Après ces activités, la psychologue est intervenue, elle leur a expliqué que la fatigue psychologique, l’anxiété constante, la tension et les difficultés de concentration ou de sommeil ne sont ni une faiblesse ni une incapacité, mais une réaction tout à fait normale à des conditions anormales. Elle a précisé que lorsqu’une personne vit dans un environnement instable, rempli de pression et d’incertitude, le système nerveux reste en état d’alerte permanente, comme si le corps et l’esprit se préparaient constamment à un danger, ce qui provoque un sentiment continu d’épuisement, même sans effort physique important. Elle a également expliqué que les pensées répétitives et l’incapacité à arrêter de s’inquiéter font partie d’une tentative du cerveau de contrôler une réalité incontrôlable, ce qui est courant dans les situations de déplacement et de crises prolongées. Les sensations d’étouffement, l’envie de pleurer ou même le retrait et le silence sont des réactions naturelles qui ne signifient pas une faiblesse, mais reflètent l’ampleur de ce que ces femmes endurent quotidiennement. Elle a ajouté que la première étape vers la guérison n’est pas d’ignorer ces émotions, mais de les reconnaître, de les comprendre et de les partager avec d’autres, car le partage en atténue l’intensité et donne le sentiment de ne pas être seule.
La séance s’est orientée vers une activité récréative, visant à réactiver les émotions positives. Les participantes ont été invitées à se regrouper en petits groupes, à partager une anecdote simple, un moment léger ou amusant, même dans ce contexte difficile. Les femmes ont échangé de petites histoires, certaines liées aux enfants, d’autres à des situations quotidiennes dans le camp. Réactiver les émotions positives, rompre l’état de tension continue et à rappeler aux femmes qu’elles sont encore capables de ressentir de la joie, même dans sa forme la plus simple.
« Pour la première fois depuis longtemps, j’ai l’impression d’avoir pu exprimer ce que j’avais en moi sans peur ni hésitation. Nous avons réellement besoin de ces espaces, des endroits où nous pouvons nous asseoir ensemble, parler, rire et dire ce que nous ne pouvons pas dire dans notre vie quotidienne. Nous avons besoin d’être écoutées sans jugement et d’avoir du temps pour être nous-mêmes”
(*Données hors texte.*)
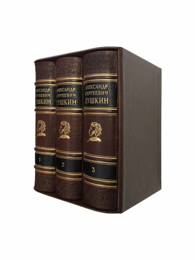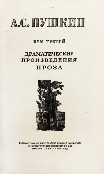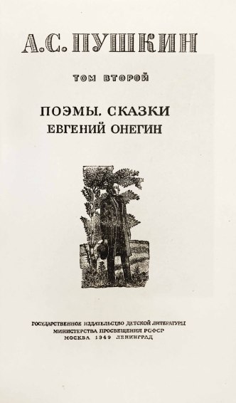Иллюстрированное юбилейное издание произведений Александра Сергеевича Пушкина (1798-1831). Трехтомник вышел в 1949 году в издательстве «Детгиз». Художественный редактор В. Пахомов сумел привлечь к работе над этим изданием известных советских художников-графиков.
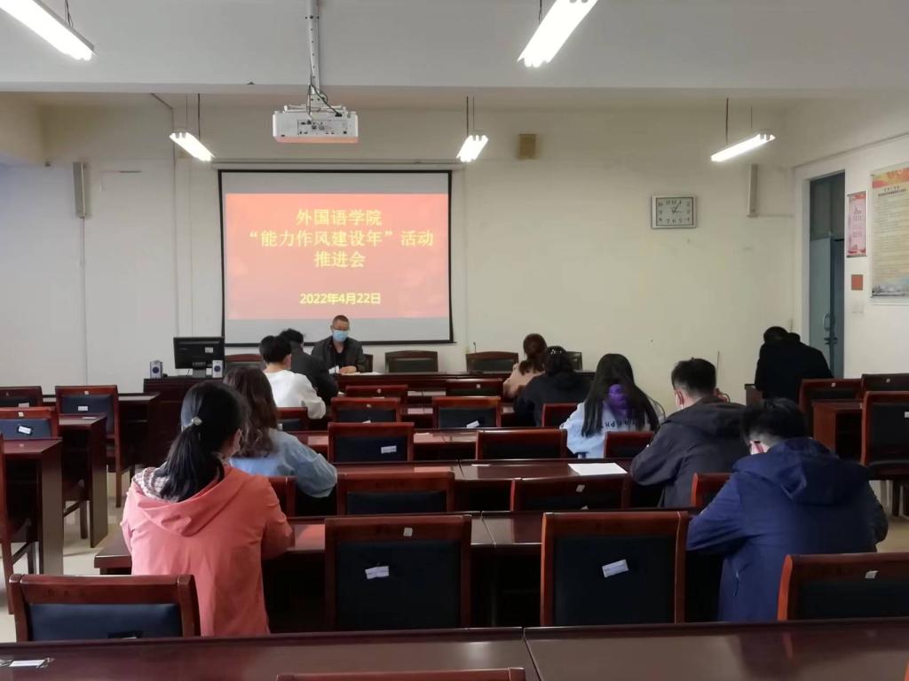 4月22日下午,太阳成集团tyc234cc主页在A-10 205会议室召开 “能力作风建设年” 活动推进会,对开展“能力作风建设年”活动进行再安排、再部署。党总支书记郭强主持会议,公司全体领导班子成员、各教工党支部书记、全体辅导员参加了会议。

À l’approche de la fin de la séance, le ressenti intérieur des femmes, leurs émotions étaient plus claires et moins lourdes.Elles ont compris que ce qu’elles vivent est compréhensible, normal, et que le partage ne diminue pas leur force, mais la renforce.
Dans le camp d’Al-Israa, où la vie continue malgré toutes les difficultés, ces séances restent indispensables. Elles redonnent aux femmes une voix et un espace, et leur permettent de continuer, non seulement comme survivantes, mais comme un pilier essentiel de la résistance et de la reconstruction de la société.